Exercise details: Exactly as written, print every line of the listing below and omit its pictures.

Available data:
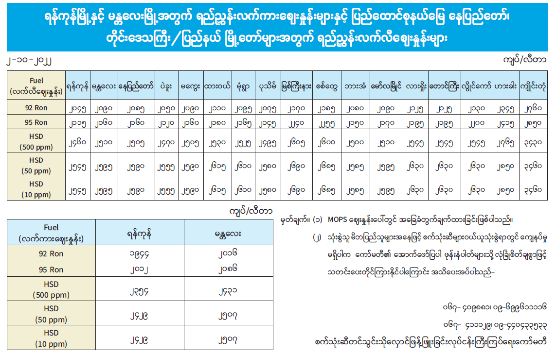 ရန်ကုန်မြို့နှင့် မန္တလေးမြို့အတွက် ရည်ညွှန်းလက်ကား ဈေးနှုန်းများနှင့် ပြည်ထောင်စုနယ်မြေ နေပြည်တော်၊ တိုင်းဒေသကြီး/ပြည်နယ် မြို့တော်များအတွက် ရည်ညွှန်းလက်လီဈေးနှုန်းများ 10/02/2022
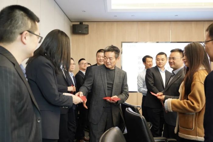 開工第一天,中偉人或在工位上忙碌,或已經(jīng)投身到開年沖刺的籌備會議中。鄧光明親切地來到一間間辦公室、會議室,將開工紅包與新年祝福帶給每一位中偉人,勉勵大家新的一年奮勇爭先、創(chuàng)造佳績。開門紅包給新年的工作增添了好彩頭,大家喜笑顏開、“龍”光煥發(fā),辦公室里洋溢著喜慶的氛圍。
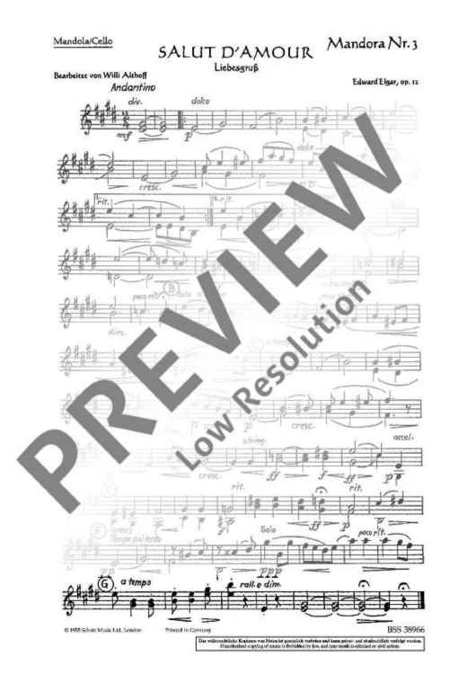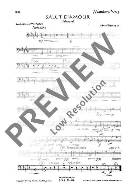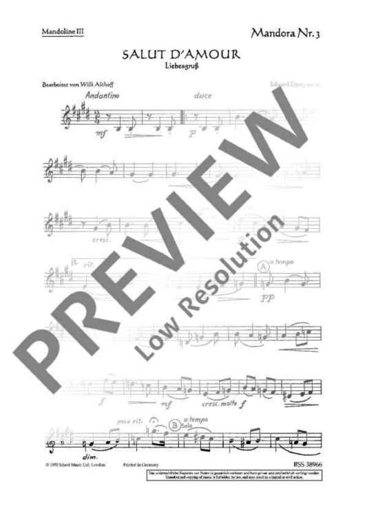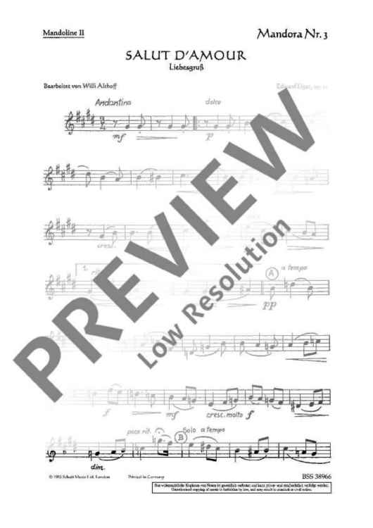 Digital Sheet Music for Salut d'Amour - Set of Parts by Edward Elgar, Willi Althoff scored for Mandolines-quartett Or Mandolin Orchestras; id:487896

Task result:
 ရန်ကုန်မြို့နှင့် မန္တလေးမြို့အတွက် ရည်ညွှန်းလက်ကား ဈေးနှုန်းများနှင့် ပြည်ထောင်စုနယ်မြေ နေပြည်တော်၊ တိုင်းဒေသကြီး/ပြည်နယ် မြို့တော်များအတွက် ရည်ညွှန်းလက်လီဈေးနှုန်းများ 10/02/2022
 開工第一天,中偉人或在工位上忙碌,或已經(jīng)投身到開年沖刺的籌備會議中。鄧光明親切地來到一間間辦公室、會議室,將開工紅包與新年祝福帶給每一位中偉人,勉勵大家新的一年奮勇爭先、創(chuàng)造佳績。開門紅包給新年的工作增添了好彩頭,大家喜笑顏開、“龍”光煥發(fā),辦公室里洋溢著喜慶的氛圍。
 Digital Sheet Music for Salut d'Amour - Set of Parts by Edward Elgar, Willi Althoff scored for Mandolines-quartett Or Mandolin Orchestras; id:487896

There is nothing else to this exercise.